Sunday 21 September 2014

KKN; Epilog


“Keberhasilan KKN adalah ketika datang tak dianggap, tetapi pulang ditangisi”, begitu ungkapan rektor UIN Syarif Hidayatullah Jakarta, Bapak Prof. Dr. Komaruddin Hidayat, dalam acara pelepasan peserta Kuliah Kerja Nyata (KKN). Jika yang menjadi indikator keberhasilan adalah ungkapan pak rektor tadi, maka kelompok 038 Ganesa (Gerakan Membangun Desa) bisa dikatakan sangat berhasil. Di awal kedatangan kami, warga cenderung tidak menghiraukan kedatangan kami. Tetapi pada akhirnya, kami berhasil membuat suasana pelepasan yang mengharu biru, warga berbaris memeluk kami bergantian, disertai isak tangis.

Saya pun larut dalam keharuan pada hari perpisahan itu. Betapa Desa Kiarasari, selama satu bulan itu, memberi kami begitu banyak pelajaran. Tentu saja pelajaran yang tidak akan kami dapatkan di bangku kuliah. Kuliah Kerja Nyata yang kami lakukan benar-benar terasa nyata: kuliah, bekerja dan aksi nyata. Kenyataan bahwa tidak hanya kesenangan yang kami dapat, tapi juga ada beberapa kendala.

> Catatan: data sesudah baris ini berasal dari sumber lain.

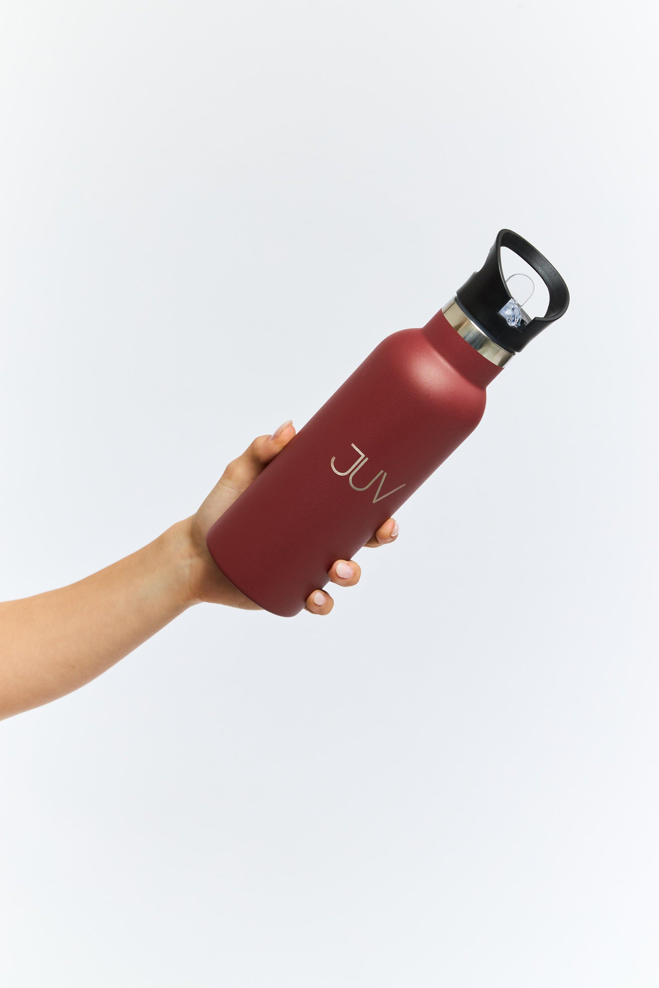 בקבוק שתיה מעוצב עשוי נירוסטה עם קשית מתקפלת וידית אחיזה.
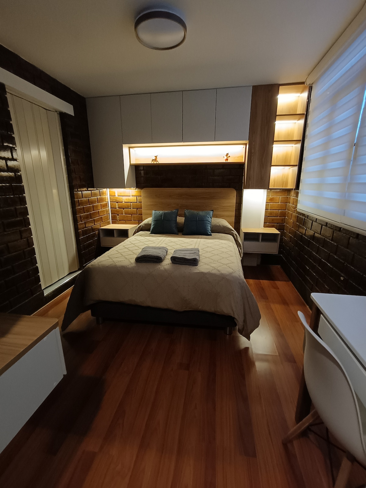 Mini depa completamente amoblado en segundo piso (escaleras), habitación y baño extra grandes, Cama King y sofá cama en un mismo ambiente, closet amplio. Wifi fibra óptica, Smart TV 70” con XuperTv. Cocina equipada y comedor. Cerradura inteligente. Hermosa vista al jardín y parque. Piscina de uso compartido. El vecindario es residencial, seguro y tranquilo con vigilancia privada, hay banco, bodegas y lavandería. Hacemos cambio de sábanas y toallas, gratis después de cada semana de estadía.

Namun, kendala-kendala tersebut tidak membuat semangat kami surut dalam usaha ‘membangun desa’.


Saya bangga dengan teman-teman KKN. Semuanya sibuk dengan berbagai kegiatan masing-masing. Beberapa teman ada yang awalnya tidak betah tinggal di desa. Tetapi seiring berjalannya waktu, mereka bisa menerima keberadaannya di lingkungan. Malahan, teman-teman tidak ingin mengakhiri kegiatan KKN ini secepatnya. Kesibukan demi kesibukan pun dijalankan. Semuanya berjalan lancar, alhamdulillah.

Kami cukup beruntung memilih Desa Kiarasari. Sebuah desa di ujung barat kabupaten Bogor. Udara yang segar, pemandangan yang indah, sawah-sawah yang terhampar luas, warga yang ramah, pemerintahan desa yang senantiasa melakukan blusukan dan terus melaksanakan pembangunan, merupakan beberapa keunggulan yang tidak bisa kita kesampingkan. Alhamdulillah kita bisa mengintegrasikan program KKN dengan program desa, membuatnya berjalan beriringan.

Di samping memiliki visi dan misi seperti desa yang lain pada umumnya, Desa Kiarasari mempunyai slogan tersendiri. Mandiri, Agamis, New System, Inovatif, Sehat, Sejahtera (MANISS). Begitu bunyi slogannya. Segala program di Desa Kiarasari diarahkan sesuai dengan slogan desa tersebut. Meskipun begitu, pemerintah desa menjalankan slogan ini bukannya tanpa hambatan. Dalam setiap sambutannya, Kepala Desa selalu menekankan pentingnya pembangunan karakter. Pembangunan fisik tidak akan berjalan baik kalau karakter warga tidak baik. Berbagai sarana fisik bisa rusak jika warga punya ‘karakter perusak. Maka kehadiran kami, menurut pengakuan bapak Kepala Desa, tidak hanya membantu dalam hal pembangunan fisik, tetapi juga membangun karakter warga menjadi lebih baik.

Dalam pidato penutupnya ketika malam perpisahan, Bapak Kepala Desa menegaskan bahwa mahasiswa KKN telah mendorong masyarakat untuk bekerja keras (dalam bergotong royong membangun sarana air bersih), bekerja cerdas (bagaimana bekerja secara efektif dan efisien) dan bekerja ikhlas (tidak ada upah apapun namun tidak mengurangi semangat bergotong royong). Yang sebenarnya terjadi adalah, kita lah –seluruh anggota KKN– yang memetik banyak pelajaran dari warga.

Kegiatan KKN membuat saya mengerti ungkapan Anies Baswedan, bawha mahasiswa Indonesia mesti memiliki ciri “world class competence, grass roots understanding”. Banyak akademisi yang punya kompetensi kelas dunia, tetapi tidak berdaya menyelesaikan berbagai persoalan di akar rumput. Maka KKN memberikan kita pemaknaan bahwa ilmu yang didapat di bangku kuliah semestinya bisa menyelesaikan masalah di akar rumput, pondasi pembangunan negara di tingkat paling bawah.  


Semoga segala sesuatu yang kami tinggalkan di Desa Kiarasari –baik berupa fisik dan non fisik– bisa bermanfaat dalam jangka waktu yang lama. Terima kasih atas do’a tulus yang mengiringi kepulangan kami. Semoga Desa Kiarasari semakin MANISS.